> The task
Your answer must be an exact copy of the listing, with the images left out.

> Given material
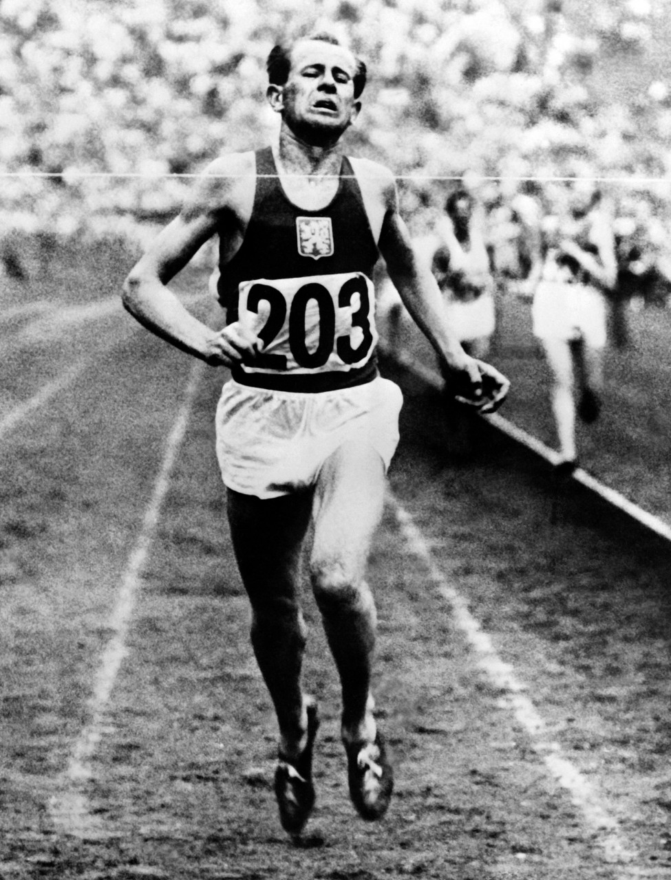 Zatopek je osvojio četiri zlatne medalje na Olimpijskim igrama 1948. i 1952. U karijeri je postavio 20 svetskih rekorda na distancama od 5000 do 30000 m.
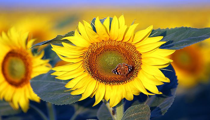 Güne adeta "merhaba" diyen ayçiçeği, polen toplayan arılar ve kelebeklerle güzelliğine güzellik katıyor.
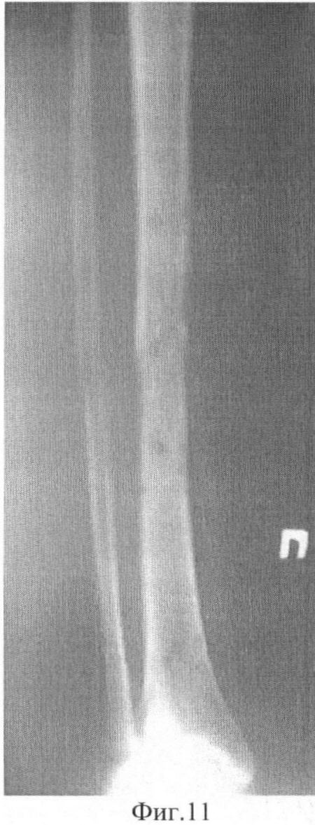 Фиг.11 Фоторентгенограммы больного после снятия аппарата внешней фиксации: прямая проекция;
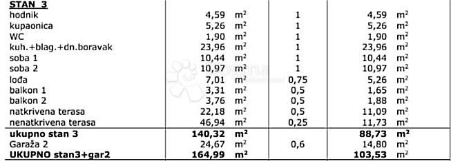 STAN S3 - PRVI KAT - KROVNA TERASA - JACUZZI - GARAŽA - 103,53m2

> Worked solution
 Zatopek je osvojio četiri zlatne medalje na Olimpijskim igrama 1948. i 1952. U karijeri je postavio 20 svetskih rekorda na distancama od 5000 do 30000 m.
 Güne adeta "merhaba" diyen ayçiçeği, polen toplayan arılar ve kelebeklerle güzelliğine güzellik katıyor.
 Фиг.11 Фоторентгенограммы больного после снятия аппарата внешней фиксации: прямая проекция;
 STAN S3 - PRVI KAT - KROVNA TERASA - JACUZZI - GARAŽA - 103,53m2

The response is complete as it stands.